Smaller people would mean smaller brains. You might find them more amenable.
In my experience people’s height generally has no bearing on their intelligence. Perhaps it does where you come from.
As people have become better fed they are both taller and have on average higher IQs.
Most short people are more than 2/3 the mass of the average person which similar head size.

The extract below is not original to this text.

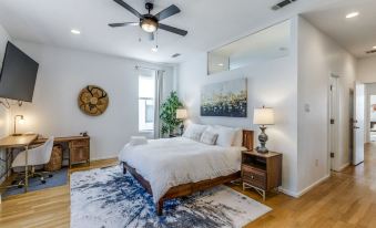 • Guest bedroom (nearly 250 square feet) with ensuite bathroom with a deep bathtub ideal for soaking. The room also has a King Casper mattress, a 6-drawer dresser, a desk with a chair, a full-length mirror, and a 55-inch TV. Premium window treatments for complete control of privacy and lighting in the room.

I have heard that before, I was talking about the poverty of yesteryear , I remember how small people were, the old, in english villages when i was a child.Today, being small because you dont eat enough has a name and it is meant to reduce intelligence,. Cant say I noticed that such people lacked intelligence. I was talking about how bad things used to be and the heartless person I was talking to suggested it had meant people ate less so that it was a good thing, Disgusting suggestion ,that we go back to the misery of before for any reasona at all. Such things are what i often hear talking to catholics, this one i have heard three or four times from different people who advocate for such a return to the old poverty.that exiisted in Europe most especially.Have you ever seen many small people from islamic countries,, I have not? In England farming takes up nearlyall the land but in the mediteraeanean that is not the case, moorlands cover much bigger areas. We could easily grow more,what is hard is distribution and policing the worldd to stop fights that stop food getting through and the morality of policign others is very questionable. Also economics are something you have to know a lot about to better the distribution of food. You can take charity to poor countries but the system is tricked, you should trace the money to find out how long it gets back into swiss banks or the modern equivilent. ,There is an electric stair ase that carries money back up to the rich Understand that and you might find ways to better local economies so that money really helps development in them and creat ¡e money there and stop money leaching back to the rich. instead of just taking money to them.There is not fixed amount of money i buy a packet of seeds and grow from it two hundred plants the money I spent on the seeds has expanded a hundred fold: MOney expands and decreases as do plants we can cut them down or increase the number of plants on the planet.we can als buy a packet of seeds for two pounds an dend up with plants worth one hundred pounds.
Limiting our numbers is technologically (though not socialogically) easy. Reducing our fear and greed would be the most effective change we could make, but sadly appears to conflict with human nature.
Good education (particularly of girls) has been shown repeatedly to be the most effective driver of lower birthrates, and produces this result without compulsion.